David et les Goliath mutants de Frankeinstein

Publié le par Alain Lesueur

Gerty David a été assassinée, sans la moindre raison qui pourrait valoir la plus petites des circonstances atténuantes, dans des conditions monstrueuses. Sa mort ne peut donc être que le forfait d’un monstre humain dont on ne sait pas si c’est la bête à sept têtes.

Il n’y a pas que l’élection régionale dans la vie. Deux grands malheurs viennent nous le rappeler opportunément. Le séisme d’Haïti a réussi l’incroyable, ce qu’on croyait impossible, à savoir mettre pendant quelques jours un bémol sur les cancans entre « grands élus ». Même si beaucoup se sont révélés des organisateurs de secours surtout intéressés à crier sur les toits leurs initiatives les plus insignifiantes.

Le second malheur lui, tape à la porte de notre mémoire oublieuse, sélective pour ce qui nous gêne. Le procès des assassins présumés de Gerty David est un feuilleton où il apparaît que l’enquête a été close avec des zones d’ombres assez ahurissantes. On nous sort des témoins surprise comme dans ces films américains qui se passent dans le sud de cette Amérique ségrégationniste des années 50, dans lesquels la police refuse d’enquêter sur l’assassinat d’un Noir, de peur de « découvrir » une vérité qu’elle connaît déjà. Qui a peur de la vérité sur la mort de Gerty David ? Pourtant, cette vérité, la société la lui doit.
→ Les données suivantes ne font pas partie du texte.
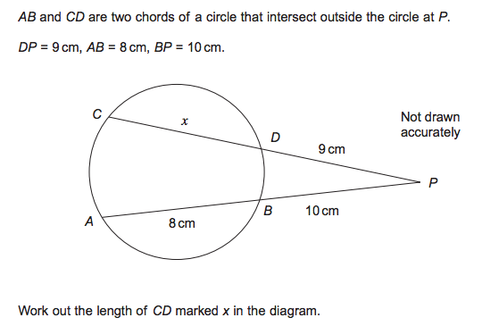 The examiners’ expectation was clearly that the student would know that PD:PA = PB:PC - and neither she nor I did. If you’ve learned the circle theorems by rote, congratulations: if you didn’t have this one on your list, you’re stuck. However, if you’ve played around with them, you’re in luck.

Sans elle, la Justice aura assassiné Gerty David une seconde fois. Avec préméditation. Car la famille insiste depuis trop longtemps pour que des professionnels de la Justice n’aient pas compris cette impérieuse nécessité de tout faire pour approcher la vérité d’au plus près. La famille de Gerty David elle, n’est pas morte. Et elle doit vivre. Et doit même revivre ce cauchemar, dans le détail, lors du procès. Elle doit vivre, revivre et survivre, chaque jour, avec cette blessure indélébile, mais que l’on peut cependant soigner, car elle peut quand même cicatriser. Ce qui est un moindre mal. Mais cette cicatrisation sera impossible tant qu’on ne la soignera pas avec un baume de vérité. Gerty David n’est pas encore morte. Elle est encore en train de mourir. Comme dans ces films où les morts restent invisibles aux vivants, mais présents parmi eux, incapables de « partir » tant qu’ils ne sont pas en paix avec leur séjour terrestre, tant qu’ils ne sont pas en paix avec eux-mêmes, parce qu’ils ne sont pas en paix avec nous qui restons. La Justice doit libérer Gerty David, en faisant éclater la vérité.

On peut trouver déplacé de mettre en parallèle la disparition d’un individu et celle de dizaines de milliers, tout aussi innocents de part et d’autre. On peut trouvé exagéré de distinguer ainsi la mort de Gerty de celle d’autres, hélas nombreux, hélas aussi innocents. On peut penser que la Justice tranche tant d’affaires, qu’aucune en soi n’est si importante. Tout cela, je me lesuis dit comme je l’écris. Et moi, lorsque j’ai un doute, je consulte l’un de mes mentors, Martin Luther King, capable de m’envoyer des messages d’outre tombe. Luther King disait : « Une injustice commise quelque part est une menace pour la justice dans le monde entier. » Et à la famille de Gerty, il a laissé le message suivant : « Dieu a les deux bras étendus. L’un est assez fort pour entourer de justice. L’autre assez doux pour nous entourer de grâce ».